От того-де царя ведь заморского

Выбегали, выгребали тридцать кораблей,

Тридцать кораблей и един корабль…

Облака плыли куда-то на северо-запад, к далёким берегам, к далёким землям — туда, куда их гнал ветер.

Мальчик перевёл глаза на сарай, старый, тёмный, с покосившейся соломенной крышей. В тишине чуть слышно шелестели за тыном[5] берёзы. Двор был пуст и заброшен. Когда-то здесь хозяйничали управители важного боярина Никиты Романова, но с тех пор прошло много лет, и в этот запущенный угол редко заглядывали люди.

В сарае громко закудахтала курица. Затем раздался тихий стук: мальчик постучал пальцем в стенку. Вероятно, это был условный знак, потому что изнутри ответили стуком же. Потом тихий голос из сарая спросил:

— Никого не видать?

— Никого… вылезай. Нет, стой! Идут!

Светловолосый мальчик мгновенно принял прежнее положение, поглядел на облака и запел:

Посмотрят казаки,

Они на море синее.

От того зелёного

От дуба крековистого

Как бы бель забелелася —

Забелелися на кораблях

Паруса полотняные…

— Нишкни, ирод! — раздался резкий женский голос. — Я тебя зачем посадила? Хохлатку стеречь! А ты песни поёшь! Да и какие песни! За такую песню, олух, тебя в Москву да в царский застенок…

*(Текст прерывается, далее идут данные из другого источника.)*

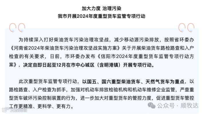 河南信阳将开展 2024 年度重型货车监管专项行动,此次行动以国五、国六重型柴油货车、天然气货车为重点。专项行动将重点检查重型柴油货车、燃气货车 ECU 系统标定参数刷改情况,污染控制装置完整性,包括是否存在温度传感器垫高、连接电线是否完整、尿素喷头是否拆除、尿素箱盖是否去除等;重型柴油货车私改天然气情况;重型燃气货车三元催化器装置完整性,查看是否存在后氮氧传感器使用屏蔽器等;重型柴油货车尾气排放检测以及车内尿素、油品质量情况。河南的卡友们要高度重视此次专项行动,提前对车辆进行自查自纠,确保车辆符合相关标准和要求,避免在检查中出现问题。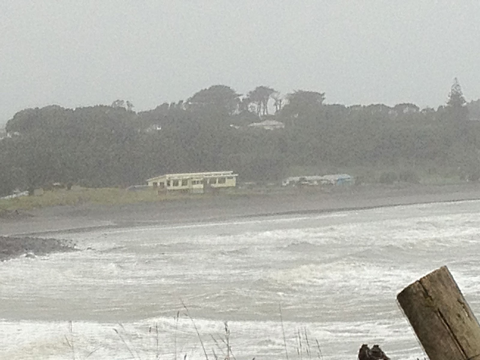 The airborne spray obscuring the shot of Opunake Main Beach form the clifftop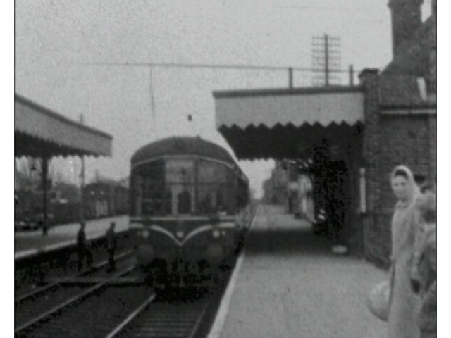 A brief sequence of a DMU (Diesel Multiple Unit) train arriving at North Walsham.

— Отчего, матушка? — спросил мальчик, равнодушно глядя на коренастую женщину со вздёрнутым широким носом, которая стояла перед ним, уперев в бока свои крупные загорелые кулаки.

— Оттого, что песня казацкая, вольная, её петь не велено.

— Да ведь это отцова песня!

— Молчи, ирод! Про отца-то своего поменьше рассказывай! Не ровён час, услышит кто… С кем ты тут говорил?

— Ни с кем.

— Врёшь, ирод! Я сама слышала голос чужой. Кого ты прячешь?

— Да я никого, матушка…

Женщина рванула дверь сарая. Дверь с тяжёлым скрипом распахнулась. Внутри сарая, в темноте, снова закудахтала курица.

— Снеслась, ей-богу снеслась! — с торжеством объявила женщина. Она нырнула в темноту и через несколько минут появилась с большим белым яйцом на ладони.

— Уже давно снеслась, а ты сидишь, лодырь, песни поёшь! Да всё про корабли да про казаков… — Женщина боязливо оглянулась и перекрестилась. — Я из тебя отцову дурь-то повышибу! Не для того люди на суше родятся, чтоб по морям плавать. Рыба в воде, а человек да курица — на сухопутье. А кто на воде плавает, тому не сносить головы. От Москвы до моря год прошагаешь — не дойдёшь. Ты смотри у меня!..

Женщина погрозила мальчику кулаком и торопливо зашлёпала к дому. В сарае послышался шорох, и прежний голос спросил:

— Лёшка, а Лёшка! Ушла?

— Ушла.

— Вылезать?

— Сиди. Нынче день неспокойный.

У Лёшки Бакеева была очень сердитая мать. В молодости была она замужем за понизовым казаком,[6] который прибежал в Москву с Волги после казни лихого атамана Стеньки Разина. Не сносить бы головы Бакееву-старшему, да никто его не знал в этих краях, и он правильно рассудил, что лучше податься в Москву, чем бродить по Волге, где его в конце концов схватили бы царские стражники.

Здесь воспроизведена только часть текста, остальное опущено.